**Material provided**
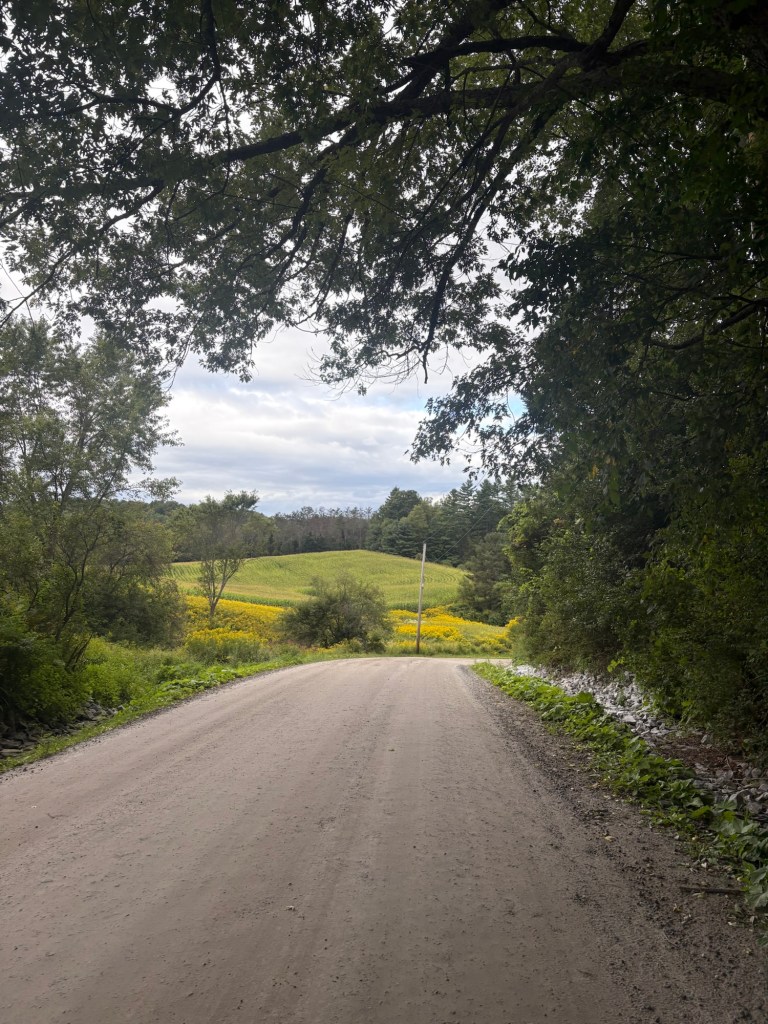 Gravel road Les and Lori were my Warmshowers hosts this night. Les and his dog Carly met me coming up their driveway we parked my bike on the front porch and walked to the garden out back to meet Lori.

---

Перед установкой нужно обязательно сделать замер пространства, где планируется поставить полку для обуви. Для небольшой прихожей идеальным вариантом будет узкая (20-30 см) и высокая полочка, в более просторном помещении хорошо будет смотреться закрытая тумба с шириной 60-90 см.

--

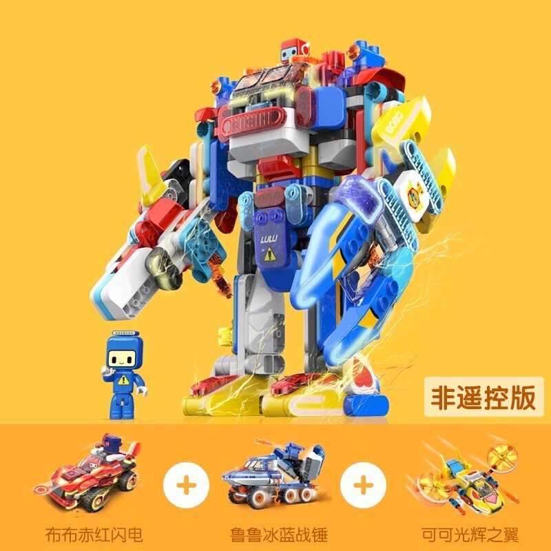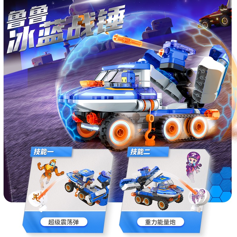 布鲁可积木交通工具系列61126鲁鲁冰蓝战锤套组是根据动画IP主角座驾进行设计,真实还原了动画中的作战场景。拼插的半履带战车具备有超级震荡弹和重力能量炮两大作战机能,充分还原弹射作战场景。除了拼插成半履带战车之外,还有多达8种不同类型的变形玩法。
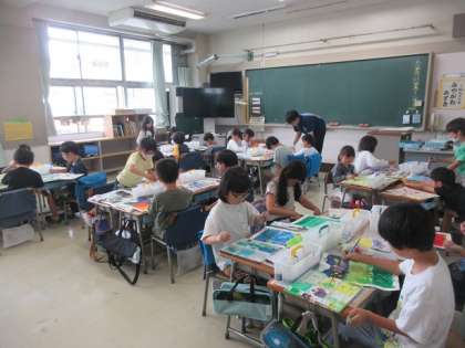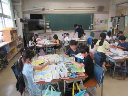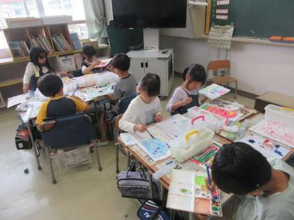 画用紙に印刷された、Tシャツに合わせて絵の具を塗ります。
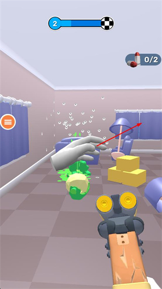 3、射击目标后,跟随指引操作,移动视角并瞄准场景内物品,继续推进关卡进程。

**Your instructions**
From the records above, output only the lines starting at the one containing "画用紙に印刷された、Tシャツに合わせて絵の具を塗ります。" and ending at the one containing "3、射击目标后,跟随指引操作,移动视角并瞄准场景内物品,继续推进关卡进程。", word for word. Pictures stay out.

**Exercise result**
 画用紙に印刷された、Tシャツに合わせて絵の具を塗ります。
 3、射击目标后,跟随指引操作,移动视角并瞄准场景内物品,继续推进关卡进程。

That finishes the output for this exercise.